** Entries provided follows **

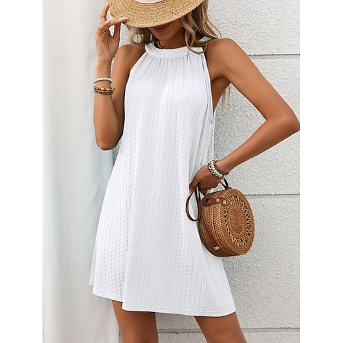 Per donna Mini Abito Abito Bianco Vestito Casual Abito con Collo Allacciato Elegante Moda Moderno All'aperto Vacanza Uscire Vestibilità comoda Semplice Senza Maniche All'americana Nero Bianco Verde
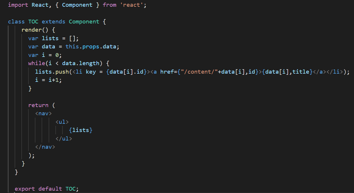 → App의 state값 중 contents의 목록을 추가하거나 제거해도 TOC component를 직접 수정할 필요 없이
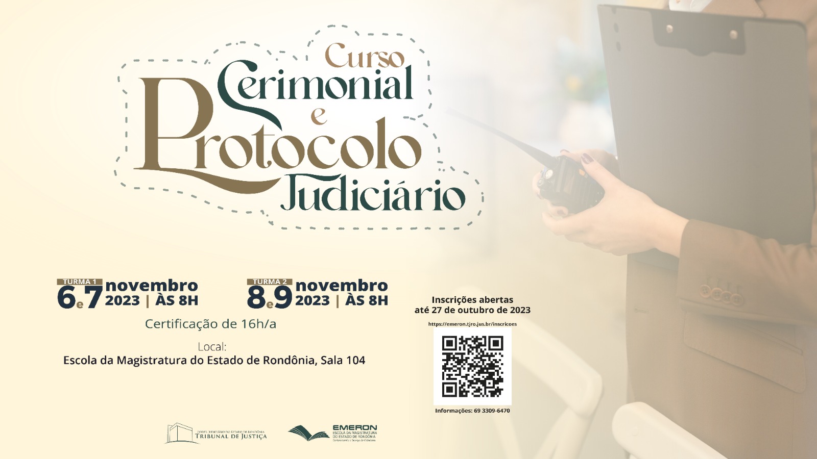 A Escola da Magistratura de Rondônia (Emeron) abriu inscrições para servidores interessados em participar do curso Cerimonial e Protocolo Judiciário, que acontecerá presencialmente em Porto Velho, em duas turmas, no mês de novembro.
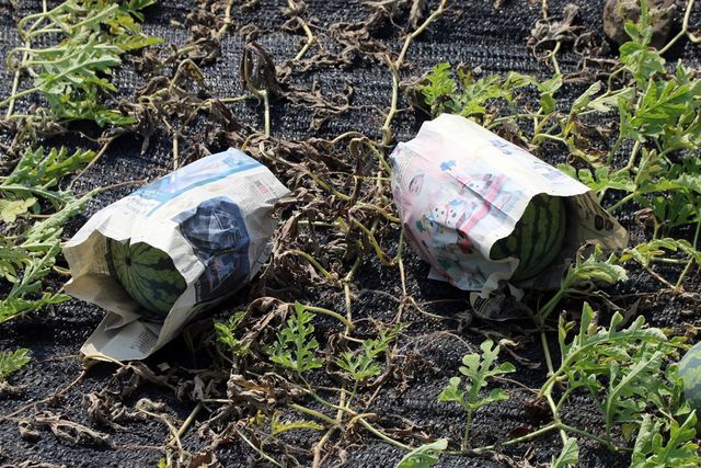 폭염에 신문지 모자 쓴 수박 / 뉴스1
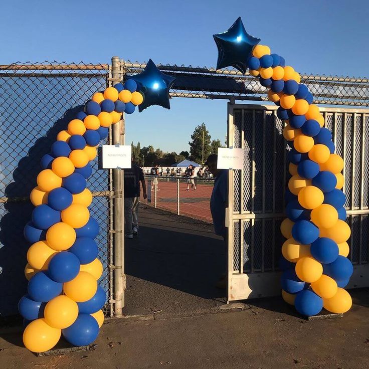 Balloon Blue and Yellow with Stars Foil accents Pillar/Column/Tower - Corporate Event, Grand Opening, Company Event Perfect for special occasion!
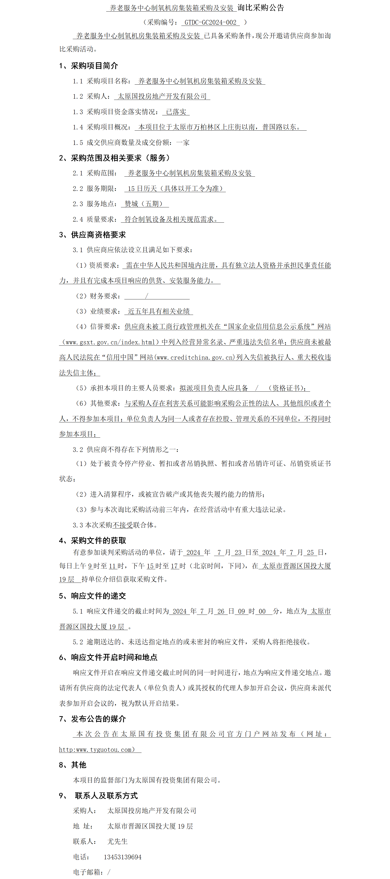 養(yǎng)老服務(wù)中心制氧機(jī)房集裝箱采購及安裝詢比采購公告
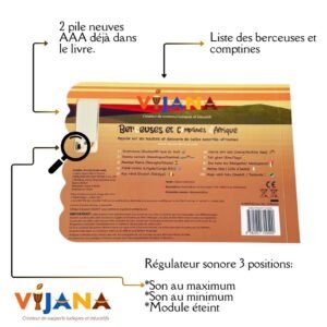 “Berceuses et Comptines d’Afrique” est un livre sonore interactif pour les enfants de 1  an et plus avec 10 chansons africaines mettant en vedette la culture de différents pays.
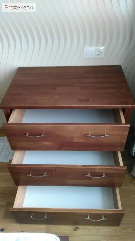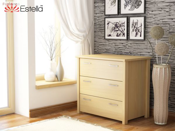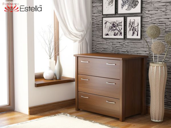 Комод Тесса - деревянный комод в классическом стиле украинской фабрики Эстелла. Выполнен из натурального дерева щита или массива бука на выбор. Выпускается в 8 оттенках, каждый из которых идеально впишется в интерьер комнаты. Простые прямоугольные формы, строгость линий, качественная фурнитура, вместительность и функциональность - главные особенности модели. Комод имеет три выдвижных ящика METABOX в двух вариантах: стандарт или комфорт с системой амортизации BLUM, для мягкого и бесшумного закрывания. Фасад украшают изящные ручки декорированы под серебро. Еще одним преимуществом комода Тесса является его удобство - точно продуманная разборная конструкция позволяет его без труда транспортировать и собирать. Он идеально сочетается с такими кроватями как Афина, Рената или Титан.
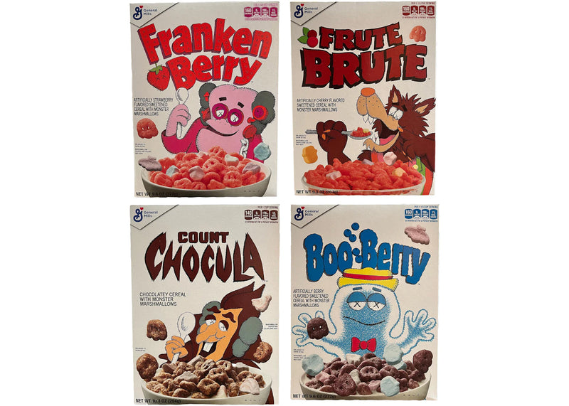 The KAWS Monsters Franken Berry Count Chocula Boo Berry Frute Brute Cereal 4x Lot (Not Fit For Human Consumption) is now available at Side Kicks!
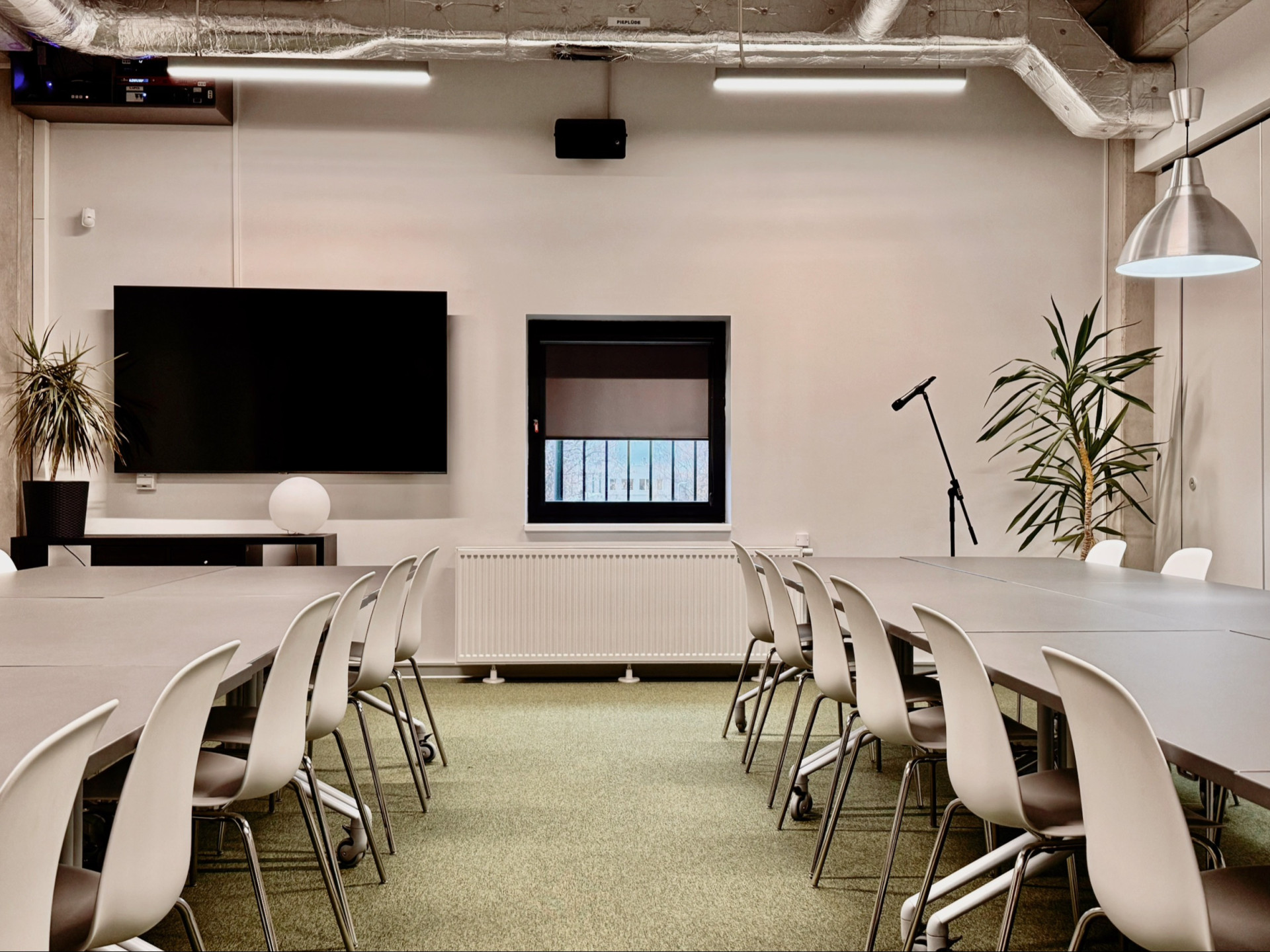 Подходит для встреч, семинаров и тренингов среднего размера до 77 человек. Помещение оснащено всем необходимым оборудованием.
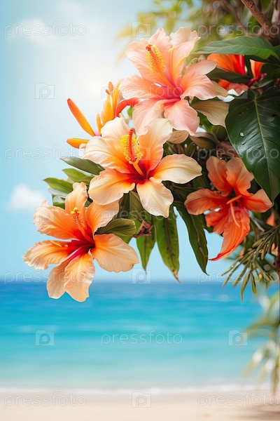 Высокая вертикальная картина с цветами плюмерии, голубым небом, морем и ярким копировальным пространством для сообщения или слогана

** End of Entries provided **

What you should do:
For this exercise, reproduce the data above exactly from the line containing "Подходит для встреч, семинаров" through its final line, both ends included, with no pictures in the copy.

The answer:
 Подходит для встреч, семинаров и тренингов среднего размера до 77 человек. Помещение оснащено всем необходимым оборудованием.
 Высокая вертикальная картина с цветами плюмерии, голубым небом, морем и ярким копировальным пространством для сообщения или слогана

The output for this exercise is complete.